# Dahon front carrier system



## tyreon (3 Nov 2017)

Recommendations or advice welcomed. As,too,experience.

The retailer CHWhite has told me the Dahon Cargo system has not been imported to the UK because it appears 'not good enough'(un-engineered?). I was looking at this piece of equipment to carry stuff around abroad with a Carradice Camper saddlebag. Now I'm looking at the Bickerton Oxford rack,or the Dahon Hold-All basket...or the Bickerton Pembroke Basket. I'm wondering about the width,depth,height, that is the carrying capacity of each. Maybe I want the biggest. I asked for measurements,but my question(s)seem to have been forgotten 
The Bickerton Oxford rack would allow me to strap on just any bag I wish: garbage bag to designed hold-all. I could,if I wished,also attach an empty basket. OTOH,the Dahon or Bickerton basket would allow me to dump any clothing in a sealed canoe bag. What's your choice/recommendations?
Or(another choice)go for a Brompton fitting conversion thingamabob,and attach some Brompton attachment and carry their bag...or strap on an alternative carry system.
I'm not wanting low-rider racks.
What's your advice?
I want spare luggage carrying capacity without having the desire ever to use it.


----------



## snorri (3 Nov 2017)

tyreon said:


> .
> What's your advice?
> I want spare luggage carrying capacity without having the desire ever to use it.


Go back to Dahon and remind them that you have asked for dimensions and load carrying capacity.
It would seem unusual to want extra load carrying capacity with no desire to use such capacity.
If you chance to pick up extra cargo along the way, this can usually be attached securely to existing luggage by means of light rope, which many carry when touring in order to cover a multitude of emergencies, rope is also lighter and less bulky than an empty luggage rack.


----------



## tyreon (3 Nov 2017)

The reason(s) behind my incongruity with wanting extra space in my luggage bags but not wanting to fill it comes from taking x2 panniers to Portugal recently.

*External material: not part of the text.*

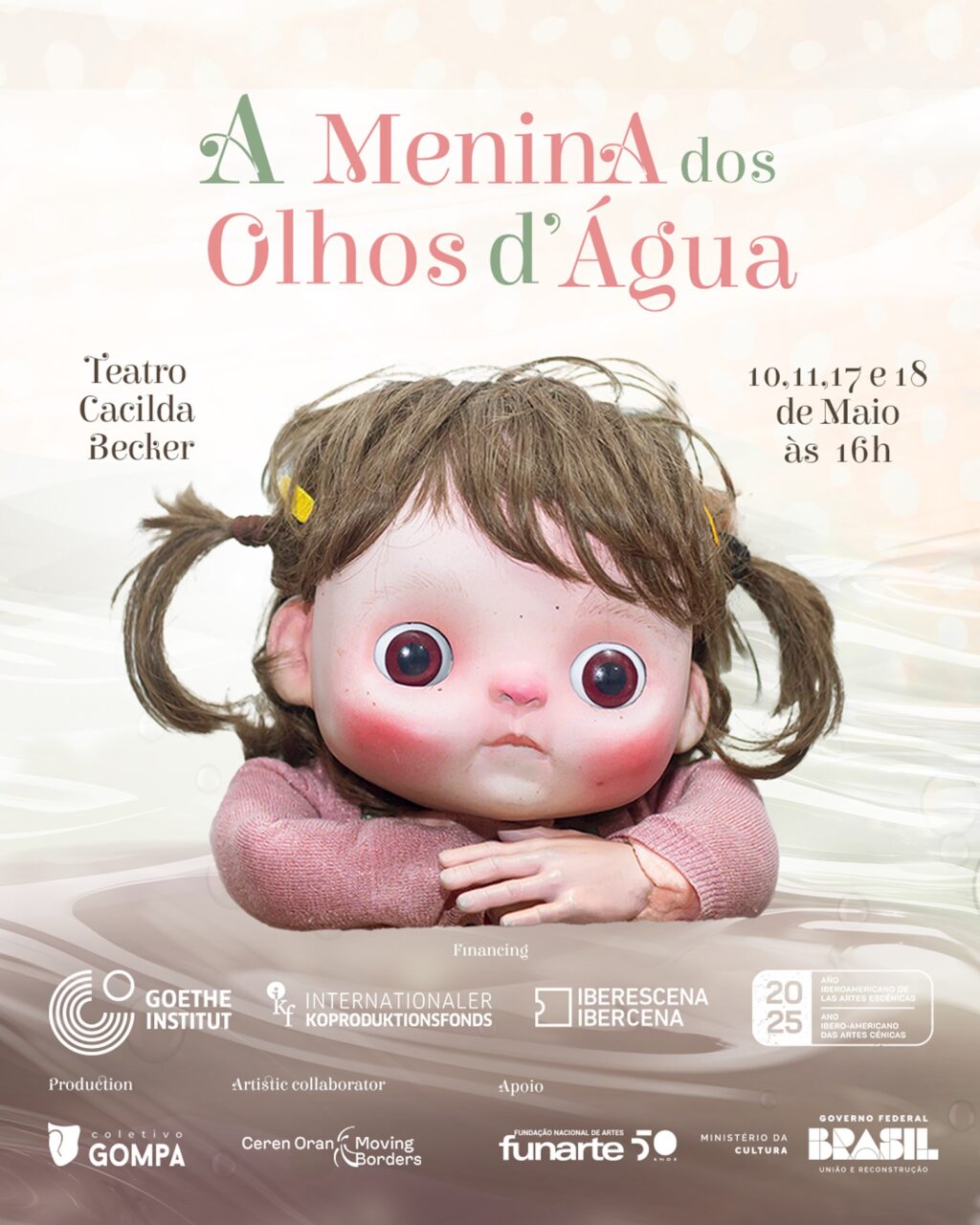 A Menina dos Olhos d’Água retrata, de forma lúdica,a situação dos refugiados climáticos e a superação de uma pequena menina, representada por uma boneca, diante de catástrofes ambientais. Produzida pelo Coletivo Gompa, de Porto Alegre, a montagem foi contemplada com o Prêmio IKF (International Coproduction Fund) do Goethe-Institut e Iberescena.As primeiras apresentações da peça aconteceram em Munique, na Alemanha, nos dias 11 e 12 de abril, e a estreia brasileira será no Rio de Janeiro. Com direção de Camila Bauer e atuação de Liane Venturella, a produção estará em cartaz de 10 a 18 de maio, aos sábados e domingos, às 16h, no Teatro Cacilda Becker (Rua do Catete, 338 — Catete). Os ingressos custam de R$ 22,00 a R$ 44,00 e estão à venda na plataforma Sympla.

Here I had two(full) panniers(Kendal?)chocca. I would have felt far more comfortable having the larger panniers half empty. I really like space to put my cakes and bread without them being squashed. A bungee cord flattens bread and cakes. 

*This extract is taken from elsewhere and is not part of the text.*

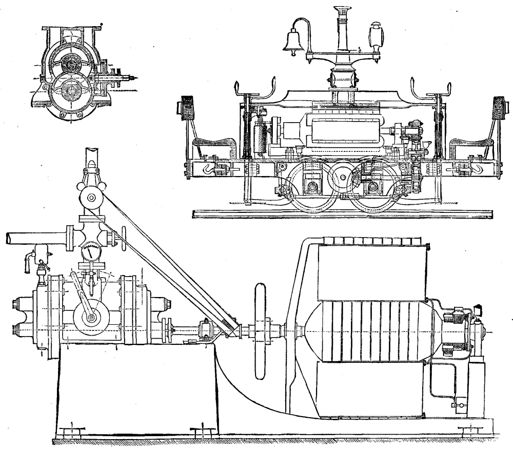 The original electric railway laid down by Messrs. Siemens and Halske at Berlin seems likely to be the parent of many others. One of the most recent is the underground electric line laid down by the firm in the mines of Zankerodain Saxony. An account of this railway has appeared in Glaser's Annalen, together with drawings of the engine, which we are able to reproduce. They are derived from a paper by Herr Fischer, read on the 19th December, 1882, before the Electro-Technical Union of Germany. The line in question is 700 meters long--770 yards--and has two lines of way. It lies 270 meters--300 yards--below the surface of the ground. It is worked by an electric locomotive, hauling ten wagons at a speed of 12 kilometers, or 7½ miles per hour. The total weight drawn is eight tons. The gauge is a narrow one, so that the locomotive can be made of small dimensions. Its total length between the buffer heads is 2.43 meters; its height 1.04 meters; breadth 0.8 meter; diameter of wheels, 0.34 meter. From the rail head to the center of the buffers is a height of 0.675 meter; and the total weight is only 1550 kilogrammes, or say 3,400 lb. We give a longitudinal section through the locomotive. It will be seen that there is a seat at each end for the driver, so that he can always look forwards, whichever way the engine may be running. The arrangements for connection with the electric current are very simple. The current is generated by a dynamo machine fixed outside the mine, and run by a small rotary steam engine, shown in section and elevation, at a speed of 900 revolutions per minute. The current passes through a cable down the shaft to a T-iron fixed to the side of the heading. On this T-iron slide contact pieces which are connected with the electric engine by leading wires. The driver by turning a handle can move his engine backward or forward at will. The whole arrangement has worked extremely well, and it is stated that the locomotive, if so arranged, could easily do double its present work; in other words, could haul 15 to 16 tons of train load at a speed of seven miles an hour. The arrangements for the dynamo machine on the engine, and its connection with the wheels, are much the same as those used in Sir William Siemens' electric railway now working near the Giant's Causeway.--The Engineer.

Probably phone up the retailer later

I did have some elastic bungee cords over my panniers when last in Portugal. But my wife's luggage sans strapped on additions,did look much neater.


----------



## mjr (3 Nov 2017)

Which Dahon have you got? 

My experiences with a mini pannier rack on the front of my Dawes Jack (basically a rebadged obsolete Dahon design) are at https://forum.cyclinguk.org/viewtopic.php?f=1&t=115886 - rated to 10kg despite being a fairly small platform.

It sounds like you've got one with fixings for the luggage truss so yes, going for one of those seems a good idea. Some shop must have published the sizes online - the Pembroke's sizes are at http://www.bickertonportables.co.uk/accessories/pembroke-basket/ and it's rated for 7kg while the Hold-All is only 5kg so I suspect the Hold-All is smaller. I wouldn't go with the Oxford rack unless you know you'll be carrying large but light packages because I'm distinctly underwhelmed by a similar front-mounted rack I've got.


----------



## tyreon (3 Nov 2017)

A BIG THANK YOU Mjr. Nice info. Am gonna look into it a tad more.

I dont think i have ever carried over 7kgs on any of my sorties...tho i could be making this up. Think the most weight comes from my wifes make-up and ablution bag...u know,toothpaste,sunscreen

Have a Mu XL. Hub geared job. Have to stop myself from turning it into another inter planetary tourer


----------



## Bill (26 Nov 2017)

Why not buy a Brompton luggage block and fit it to the Dahon brazed on headtube fitting? Then you could fit Brompton bags!


----------



## tyreon (30 Nov 2017)

In the end I went for the add-on head tube Tern/Dahon adaptor wotyamacallit. I bought the Kilkfix adaptor plate and put it onto a front wired basket. The basket weighed less than x3 other carriers I had to choose from. It wasn't also of a ridiculous size. The other morn I put on a Carradice uplift system which I had and a Carradice Longflap(or Camper,I always get mixed up) I'm now ready for my next sojourn.

I thought about the Brompton luggage block,Bill. It may have been over-kill. Also,if my wife were to find me in the garage fiddling around fettling stuff(as can be on occasion),I might want to kill myself


----------



## e-rider (23 Jan 2020)

Bill said:


> Why not buy a Brompton luggage block and fit it to the Dahon brazed on headtube fitting? Then you could fit Brompton bags!


Does the Brompton mount fit the 3 hole Dahon mount?


----------



## e-rider (9 Feb 2020)

So to answering own question- no it doesn't and it's not easy to make it fit either dispite claims on the web. There are adaptors available. I bought the one from Bikegang as it's the only one reasonably priced * 9 quid plus 3 for post. It works but the release lever on the brompton block just touches the v-brake cable. However no better option seem to currently exist.


----------



## bikegang (13 Feb 2020)

30mm apart for M6 bolt will work, 2 hols or 3 holes. But not two holes 16mm apart one.

It turns out not only Dahon or Tern bikes. Vello, Bickerton and other folding bikes are also using this kind of lug spec.


----------